Cuando lo conocí me pareció un tipo apuesto, de traje, aunque
sin afeitar por dos días, casi normal. Sin embargo, percibí ese olor acre de
los desequilibrados, de los que consumen los fármacos que les receta el
psiquiatra. Emanaba un sudor, así de picante.
Supe que tiempo atrás se bañaba desnudo en la canilla del
patio comunitario, a la vista de todos y luego, limpito, prendía su Wincofon y
atronaba el vecindario con rock nacionalo.

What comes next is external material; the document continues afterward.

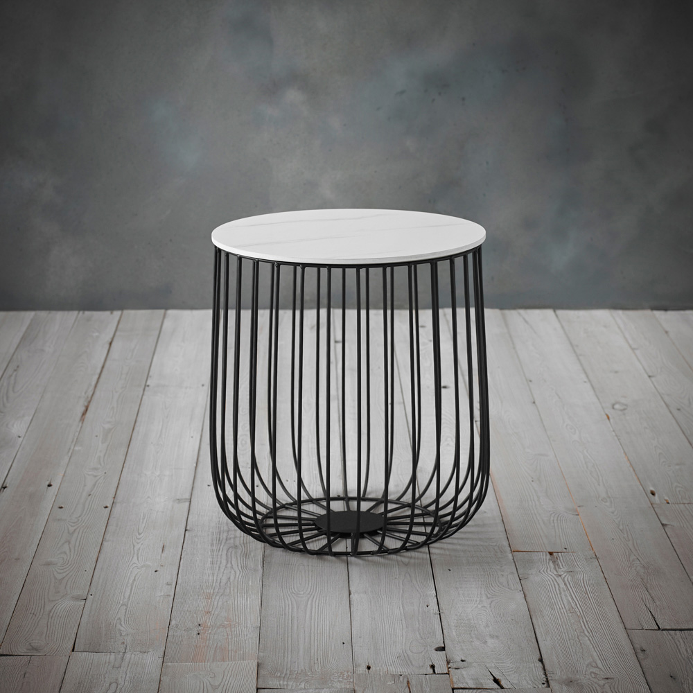 Introduce a touch of sophistication to your home with the Enzo Cage Table, where practicality meets modern design. The black frame provides a striking contrast to the chic marble-effect top, creating an elegant focal point for any living space. More than just a table, its removable top unveils a clever storage solution, offering both style and functionality. Ideal as a coffee table or a stylish lamp table, the Enzo Cage Table’s contemporary aesthetic is sure to enhance your decor.

Eduardo convivía con sus gatos, y cuando tenía hambre, mataba
uno y lo ponía a cocinar en la olla abollada sobre el triste fueguito que
encendía en el zaguán.
Otras veces, salía a pasear por el barrio, siempre vestido
con su traje lleno de pelusas, y en la solapa, se balanceaba uno de sus gatos
preferidos, el gris peludo, que no se animaba a saltar.
Una mañana de neblina pasó frente a un camión que no pudo
frenar a tiempo. De la consola se oía “Canción para mi muerte”. Dicen que en el
velatorio, “Los gatos” lo acompañaron con la balsa. Era la balsa de Caronte que
navegaba, no en la laguna Estigia, sino en los charcos del pavimento.